Ora gli Amori piangono te, che sei regina e dea tra le ninfe liguri; essi in voto portano fiori all’altare dal
quale risuona l’eccezionale arco del figlio (Apollo) di Latona. La danza ti reclama là dove le brezze facevano
giungere fragranze inconsuete, mentre la tua chioma, sfuggita ai nodi, scendendo sul tuo roseo braccio, fu di
delicato intralcio; analogamente Pallade (Minerva), immersa nelle acque che, cadendo dal colle Inaco, le
versano addosso dei fiori, con la mano bagnata tiene fuori dall’acqua i capelli disciolti dall’elmo. Dalle tue
labbra uscivano espressioni armoniose e dagli occhi ridenti di Venere trasparivano i litigi e le riappacificazioni,
le attese fiduciose, le lacrime ed i baci.

Deh! Perché hai rivolto le tue belle forme e la docilità del tuo ingegno ad occupazioni virili? Perché,
sconsiderata, non hai seguito l’arte delle Aonie (le Muse, abitatrici dell’Elicona, nell’Aonia), ma ti sei
avventurata tra gli sgraziati giochi di Marte?

Inutilmente i venti presaghi raffreddano il petto polveroso ed i fianchi focosi del veloce cavallo mentre il
morso irritante ne accresce l’impeto della corsa: gli occhi sprizzano scintille, le narici fumano, la testa eretta
si agita, dalla bocca vola la schiuma che imbratta le vesti svolazzanti, le mani incerte ed il candido seno; il
sudore gronda, l’irsuta criniera svolazza sul collo, gli antri del litorale risuonano sotto lo scalpitare accelerato
degli zoccoli che al loro passaggio sollevano polvere e sassi.

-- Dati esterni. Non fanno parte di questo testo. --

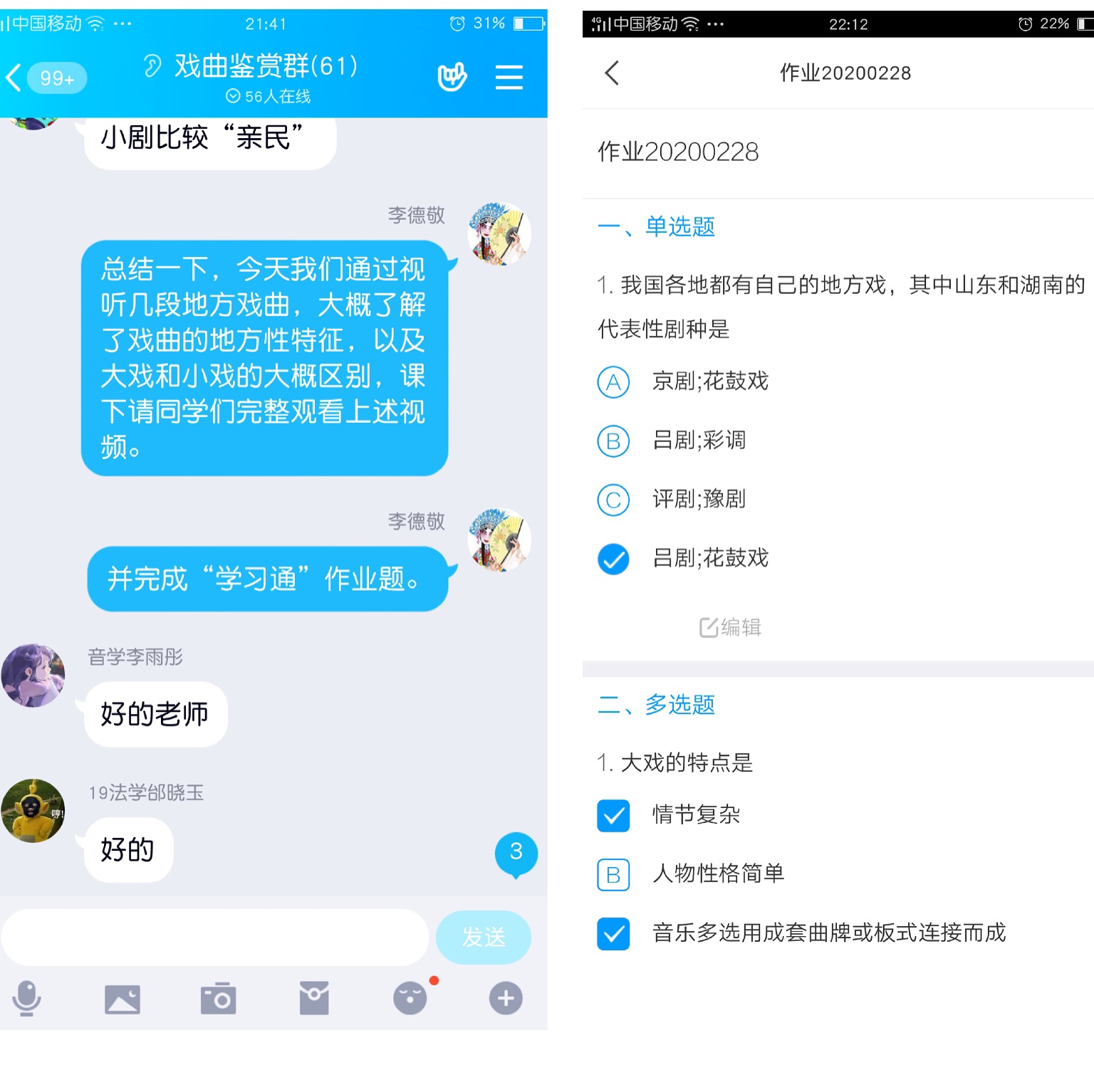 线上授课最大的问题在于对于学生的上课状态无法把控,这就对教师的授课技巧提出了更高的要求。本学期新开设的戏曲鉴赏课是面向全校的公共选修课,戏曲是我国优秀的传统文化,如何让不同专业的当代大学生对戏曲感兴趣,认识到它的价值与艺术魅力,第一次课的好坏尤为关键。李老师精心作了这样的设计:首先提前一天与学生交流,询问了学生的家乡所在地,得知学生来自全国十一个省份,根据这一情况,挑选了这些省份的代表性剧种的代表剧目共十个唱段的音频,课前发给学生。上课时,首先要求学生用自己的家乡话做自我介绍,在QQ平台上发送语音,来自山东、河南、浙江、山西等地的同学发送了具有鲜明地域风格的方言,大家听了都觉得很新鲜,气氛也很活跃,这时告诉同学们这样做的目的是想提醒同学们方言不仅是一种讲话的方式,而且它是地域文化的承载者,它承载着不同地域人的情感表达方式、性格特征和审美情趣,从刚才的语音中,大家是不是感受得到江南人与西北人不同的细腻缜密与质朴豪放的性格特征呢?而且,方言与戏曲有着密切的关系,各种地方戏就是在方言的基础上孕育发展起来的,换句话说,没有了方言,戏曲将失去生存的土壤,所以,同学们要讲好方言,你这是在传承传统文化,保护戏曲。这就点出了学生要热爱自己的方言热爱家乡这一高度。这也获得学生的一致认同。然后,让学生说出自己家乡的地方戏名称,学生了解程度不一,接着让他们依次聆听十个唱段的音频,并记录剧种名称。公布完答案,让学生“认领”自己的家乡戏,学生这时都非常有感触,感受到了戏曲非常“好听”。接下来向群里发送以上音频的视频,让学生来观看戏曲艺术的舞台魅力,这时学生的情绪都被“点燃”了。观看完这些视频,与学生互动讨论不同剧种在表现题裁、表演风格、音乐体制等方面的差异,进一步使学生加深了对于戏曲剧种的认识,也激发对戏曲的浓厚兴趣。总之,通过利用平台的各种功能,巧妙设计内容,可以达到与现场教学相同的效果。

[Il cavallo], indifferente allo scalpore e all’improvvisa agitazione interiore, già si slancia dal lido, immerso
nell’acqua fino alla pancia … già nuota e le acque insaziabili, dimentiche che da loro nacque una Dea (Venere),
si gonfiano; ma il dio del mare (Nettuno), ancora addolorato per l’ingiusta morte di Ippolito, si alzò dal suo
letto nel Tirreno, percorse le profonde vie del mare e, con un gesto onnipotente, respinse il furioso cavallo.
L’animale, impuntandosi, indietreggiò dalle onde, orribile a vedersi, si alzò sulle zampe e, scuotendo l’arcione,
ti trascinò malconcia sulla spiaggia pietrosa.

Perisca quel villano che per primo osò mettere l’agile corpo di una donna in balia di un infido cavallo da
corsa e, con il suo consiglio, colpevolmente aprì la strada ad un nuovo pericolo per la Bellezza! Se tutto ciò
non si fosse verificato ora non vedrei scolorito il tuo volto roseo, non vedrei i tuoi occhi amorevoli spiare gli
sguardi dei medici per cercare di carpire la speranza di ritornare alla bellezza di prima.

Un giorno le cerve trainavano il cocchio dorato di Cinzia (Diana) ma, nell’udire l’urlo delle fiere, per il forte
spavento impazzirono e fecero precipitare la dea dalla rupe Tarpea. Le altre dee dell’Olimpo, mal celando un
invidioso risolino, gioivano perché l’eterno viso, silenzioso e pallido, ai conviti degli dei appariva cinto da un
velo, ma piansero non poco il giorno in cui dalle danze di Efeso tornava Diana, sorella di Febo (Apollo), lieta
tra le vergini (le ninfe oceanine) a lei consacrate e, ancor più bella, saliva al cielo.